I jusw saw that ia64 already has local_t as 64 bit, so that is no problem
for us. Here is a patch that would convert the framework to use local_t.
Is that okay?
The problem with this solution is that the use of local_t will lead to the
use of atomic operations (in case the preemption status is unknown). It
may be better to use atomic operations and simply drop the per_cpu stuff.

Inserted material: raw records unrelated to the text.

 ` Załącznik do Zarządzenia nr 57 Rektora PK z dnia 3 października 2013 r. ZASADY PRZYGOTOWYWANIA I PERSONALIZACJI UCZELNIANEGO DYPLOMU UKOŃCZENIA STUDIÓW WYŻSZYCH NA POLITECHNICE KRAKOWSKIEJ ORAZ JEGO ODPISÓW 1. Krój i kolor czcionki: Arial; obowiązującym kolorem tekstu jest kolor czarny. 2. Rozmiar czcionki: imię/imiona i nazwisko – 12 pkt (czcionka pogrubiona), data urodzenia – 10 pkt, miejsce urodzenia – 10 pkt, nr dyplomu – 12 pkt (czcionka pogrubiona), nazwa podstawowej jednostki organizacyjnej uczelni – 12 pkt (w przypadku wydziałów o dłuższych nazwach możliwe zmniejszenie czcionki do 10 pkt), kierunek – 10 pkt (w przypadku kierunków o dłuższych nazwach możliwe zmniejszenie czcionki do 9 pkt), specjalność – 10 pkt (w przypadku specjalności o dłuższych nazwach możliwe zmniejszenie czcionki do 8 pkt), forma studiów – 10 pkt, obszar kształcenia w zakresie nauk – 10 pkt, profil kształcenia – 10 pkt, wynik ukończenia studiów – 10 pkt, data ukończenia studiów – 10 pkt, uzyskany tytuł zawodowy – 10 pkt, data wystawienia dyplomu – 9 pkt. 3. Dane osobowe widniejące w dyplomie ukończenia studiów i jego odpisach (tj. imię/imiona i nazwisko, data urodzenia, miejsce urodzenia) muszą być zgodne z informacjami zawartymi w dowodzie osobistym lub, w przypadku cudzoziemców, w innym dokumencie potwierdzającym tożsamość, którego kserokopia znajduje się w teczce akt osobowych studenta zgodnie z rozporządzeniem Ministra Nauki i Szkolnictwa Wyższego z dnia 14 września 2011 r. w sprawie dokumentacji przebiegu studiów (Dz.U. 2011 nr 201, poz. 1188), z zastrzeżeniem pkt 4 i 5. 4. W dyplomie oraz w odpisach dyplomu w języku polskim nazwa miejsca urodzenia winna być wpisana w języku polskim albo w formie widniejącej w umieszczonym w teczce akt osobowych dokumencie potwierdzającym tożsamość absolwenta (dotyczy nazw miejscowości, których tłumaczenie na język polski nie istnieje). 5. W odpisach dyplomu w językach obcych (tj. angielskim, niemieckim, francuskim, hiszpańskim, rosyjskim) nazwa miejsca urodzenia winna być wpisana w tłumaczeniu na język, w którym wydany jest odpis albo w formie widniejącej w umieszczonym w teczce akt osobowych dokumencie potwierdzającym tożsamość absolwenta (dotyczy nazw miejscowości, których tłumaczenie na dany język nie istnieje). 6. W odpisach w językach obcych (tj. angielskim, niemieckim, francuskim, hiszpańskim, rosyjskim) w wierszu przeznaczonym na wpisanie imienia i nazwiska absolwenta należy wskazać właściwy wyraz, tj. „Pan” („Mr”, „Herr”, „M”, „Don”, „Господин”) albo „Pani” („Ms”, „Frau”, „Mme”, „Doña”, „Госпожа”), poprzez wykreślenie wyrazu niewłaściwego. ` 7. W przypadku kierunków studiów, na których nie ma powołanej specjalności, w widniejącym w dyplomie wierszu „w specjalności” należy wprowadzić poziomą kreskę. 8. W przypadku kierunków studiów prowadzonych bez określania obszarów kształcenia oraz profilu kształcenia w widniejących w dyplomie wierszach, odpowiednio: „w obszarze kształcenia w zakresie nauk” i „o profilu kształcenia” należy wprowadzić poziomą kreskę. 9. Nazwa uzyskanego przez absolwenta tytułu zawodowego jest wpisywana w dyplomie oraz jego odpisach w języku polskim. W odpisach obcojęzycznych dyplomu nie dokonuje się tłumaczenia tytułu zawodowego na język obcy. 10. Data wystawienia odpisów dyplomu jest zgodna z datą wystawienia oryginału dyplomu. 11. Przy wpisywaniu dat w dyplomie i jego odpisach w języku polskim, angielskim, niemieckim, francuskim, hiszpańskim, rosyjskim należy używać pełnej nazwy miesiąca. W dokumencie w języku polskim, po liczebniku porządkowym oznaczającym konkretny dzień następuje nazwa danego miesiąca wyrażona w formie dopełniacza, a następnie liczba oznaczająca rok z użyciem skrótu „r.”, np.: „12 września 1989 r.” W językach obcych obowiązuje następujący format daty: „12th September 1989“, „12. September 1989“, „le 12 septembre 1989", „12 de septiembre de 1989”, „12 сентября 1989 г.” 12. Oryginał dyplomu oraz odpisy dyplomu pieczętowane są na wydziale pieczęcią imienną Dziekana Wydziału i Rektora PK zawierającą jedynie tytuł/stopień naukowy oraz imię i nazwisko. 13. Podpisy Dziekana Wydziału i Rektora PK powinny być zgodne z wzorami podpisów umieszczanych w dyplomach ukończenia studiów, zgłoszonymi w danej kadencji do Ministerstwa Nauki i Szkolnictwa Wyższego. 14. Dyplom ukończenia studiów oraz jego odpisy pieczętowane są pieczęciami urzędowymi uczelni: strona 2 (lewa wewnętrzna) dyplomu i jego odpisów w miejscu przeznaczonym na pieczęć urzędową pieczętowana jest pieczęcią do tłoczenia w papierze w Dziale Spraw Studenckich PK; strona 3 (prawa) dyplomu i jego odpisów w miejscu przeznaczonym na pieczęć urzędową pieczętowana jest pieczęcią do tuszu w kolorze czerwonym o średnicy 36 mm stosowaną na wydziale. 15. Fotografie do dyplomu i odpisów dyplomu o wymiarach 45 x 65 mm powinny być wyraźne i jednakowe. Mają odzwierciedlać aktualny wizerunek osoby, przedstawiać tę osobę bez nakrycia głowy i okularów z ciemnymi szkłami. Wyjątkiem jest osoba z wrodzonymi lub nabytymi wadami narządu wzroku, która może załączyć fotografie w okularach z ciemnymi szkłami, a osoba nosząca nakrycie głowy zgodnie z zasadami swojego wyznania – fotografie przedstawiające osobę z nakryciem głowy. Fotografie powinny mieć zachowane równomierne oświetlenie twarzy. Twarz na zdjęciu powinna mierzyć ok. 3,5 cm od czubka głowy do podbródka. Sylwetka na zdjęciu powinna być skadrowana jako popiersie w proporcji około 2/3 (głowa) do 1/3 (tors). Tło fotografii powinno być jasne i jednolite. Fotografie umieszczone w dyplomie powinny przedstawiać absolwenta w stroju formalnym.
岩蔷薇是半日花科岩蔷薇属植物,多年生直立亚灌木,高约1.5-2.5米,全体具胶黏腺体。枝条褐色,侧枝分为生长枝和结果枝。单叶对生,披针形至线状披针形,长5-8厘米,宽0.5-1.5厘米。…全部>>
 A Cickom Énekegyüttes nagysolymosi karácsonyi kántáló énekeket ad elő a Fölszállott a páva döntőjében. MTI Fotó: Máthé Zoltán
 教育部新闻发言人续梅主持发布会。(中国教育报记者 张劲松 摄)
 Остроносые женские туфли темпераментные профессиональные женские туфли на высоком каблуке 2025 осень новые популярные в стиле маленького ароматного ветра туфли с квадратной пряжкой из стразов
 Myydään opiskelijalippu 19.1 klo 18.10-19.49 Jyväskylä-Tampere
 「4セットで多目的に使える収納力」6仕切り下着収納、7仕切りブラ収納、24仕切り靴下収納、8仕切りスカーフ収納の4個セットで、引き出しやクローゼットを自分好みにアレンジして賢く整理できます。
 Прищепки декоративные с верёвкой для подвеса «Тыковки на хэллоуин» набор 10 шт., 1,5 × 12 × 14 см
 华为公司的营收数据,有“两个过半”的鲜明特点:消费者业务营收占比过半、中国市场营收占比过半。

That way the summing of the per cpu variables is avoided and the
stats are accurate in real time.
Seems that local.h is rarely used. There was an obvious mistake in there
for ia64.
Index: linux-2.6.15-rc5/mm/page_alloc.c
=================================--- linux-2.6.15-rc5.orig/mm/page_alloc.c 2005-12-06 10:13:49.000000000 -0800
+++ linux-2.6.15-rc5/mm/page_alloc.c 2005-12-06 14:43:41.000000000 -0800
@@ -560,26 +560,25 @@ static int rmqueue_bulk(struct zone *zon
static spinlock_t node_stat_lock;
unsigned long vm_stat_global[NR_STAT_ITEMS];
unsigned long vm_stat_node[MAX_NUMNODES][NR_STAT_ITEMS];
-int vm_stat_diff[NR_CPUS][MAX_NUMNODES][NR_STAT_ITEMS];
+DEFINE_PER_CPU(local_t [MAX_NUMNODES][NR_STAT_ITEMS], vm_stat_diff);
void refresh_vm_stats(void) {
- int cpu;
int node;
int i;
spin_lock(&node_stat_lock);
- cpu = get_cpu();
for_each_online_node(node)
for(i = 0; i < NR_STAT_ITEMS; i++) {
- int * p = vm_stat_diff[cpu][node]+i;
- if (*p) {
- vm_stat_node[node][i] += *p;
- vm_stat_global[i] += *p;
- *p = 0;
+ long v;
+
+ v = cpu_local_read(vm_stat_diff[node][i]);
+ if (v) {
+ vm_stat_node[node][i] += v;
+ vm_stat_global[i] += v;
+ cpu_local_set(vm_stat_diff[node][i], 0);
}
}
- put_cpu();
spin_unlock(&node_stat_lock);
}
Index: linux-2.6.15-rc5/include/linux/page-flags.h
=================================--- linux-2.6.15-rc5.orig/include/linux/page-flags.h 2005-12-06 10:15:59.000000000 -0800
+++ linux-2.6.15-rc5/include/linux/page-flags.h 2005-12-06 14:47:03.000000000 -0800
@@ -8,6 +8,7 @@
#include <linux/percpu.h>
#include <linux/cache.h>
#include <asm/pgtable.h>
+#include <asm/local.h>
/*
* Various page->flags bits:
@@ -169,12 +170,19 @@ enum node_stat_item { NR_MAPPED, NR_PAGE
extern unsigned long vm_stat_global[NR_STAT_ITEMS];
extern unsigned long vm_stat_node[MAX_NUMNODES][NR_STAT_ITEMS];
-extern int vm_stat_diff[NR_CPUS][MAX_NUMNODES][NR_STAT_ITEMS];
+DECLARE_PER_CPU(local_t [MAX_NUMNODES][NR_STAT_ITEMS], vm_stat_diff);
static inline void mod_node_page_state(int node, enum node_stat_item item, int delta)
{
- vm_stat_diff[get_cpu()][node][item] += delta;
- put_cpu();
+ cpu_local_add(delta, vm_stat_diff[node][item]);
+}
+
+/*
+ * For use when we know that preemption is disabled. Avoids atomic operations.
+ */
+static inline void __mod_node_page_state(int node, enum node_stat_item item, int delta)
+{
+ __local_add(delta, &__get_cpu_var(vm_stat_diff[node][item]));
}
#define inc_node_page_state(node, item) mod_node_page_state(node, item, 1)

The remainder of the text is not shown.